Outcomes of Human Papilloma Virus Vaccination in a Private Women Health Clinic in Lebanon

OBJECTIVES: The study aims to report on the feasibility and associated adverse events of HPV-Vaccination (HPVV) in a private clinic setting in Lebanon and, when available, the results of subsequent cervical cancer screening. METHODS: Opportunistic HPV vaccination is offered at the Women's Health Center of the AUBMC. We retrospectively reviewed the patients' demographic data, the incidence of adverse events, and their cytological screening. RESULTS: A cohort of healthy women (n = 1013) aged 26.2 years (12–54 years) were opportunistically vaccinated with one of two HPV vaccines; 845 (83.4%) received the quadrivalent vaccine (Q4V), and 151 (14.1%) received the bivalent vaccine (B2V).

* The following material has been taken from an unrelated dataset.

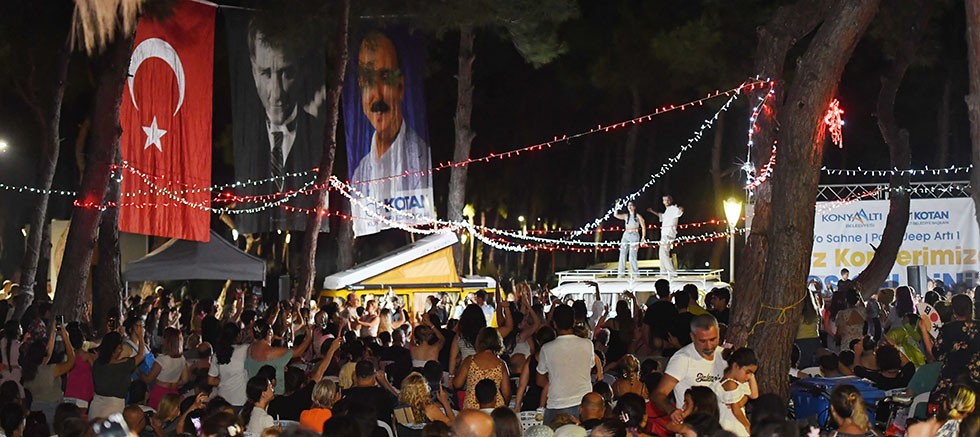 Konyaaltı Belediyesi yaz aylarında vatandaşları spor ve sanat etkinlikleriyle buluşturmaya devam ediyor. HayatPark’ta gerçekleştirilen Konyaaltı Yaz Konserleri’nde vatandaşlar “VO Sahne”nin konseri ile eğlencenin tadını çıkardı. Etkinliğe Konyaaltı Belediye Başkanı Cem Kotan, eşi Demet Ayne Kotan ve oğlu Canali Kotan ile birlikte katıldı.

The majority (75.8%) received three doses while 16% received two doses. Out of these women, 26.3% (267) became sexually active postvaccination (NS2), whereas 17% (174) were sexually active prior to vaccination (SA) and the rest 57% (572) reported no sexual activity (NS1). Among the SA group, 26% (46/147) presented with abnormal cytology at time of vaccination. As for the NS2 women, 5% (14/267) had subsequently abnormal screening within 37 (12–103) months following vaccination. CONCLUSIONS: In this observational study, we report the successful introduction of HPVV with negligible adverse events. The incidence of abnormal cervical cytology was low among our patients.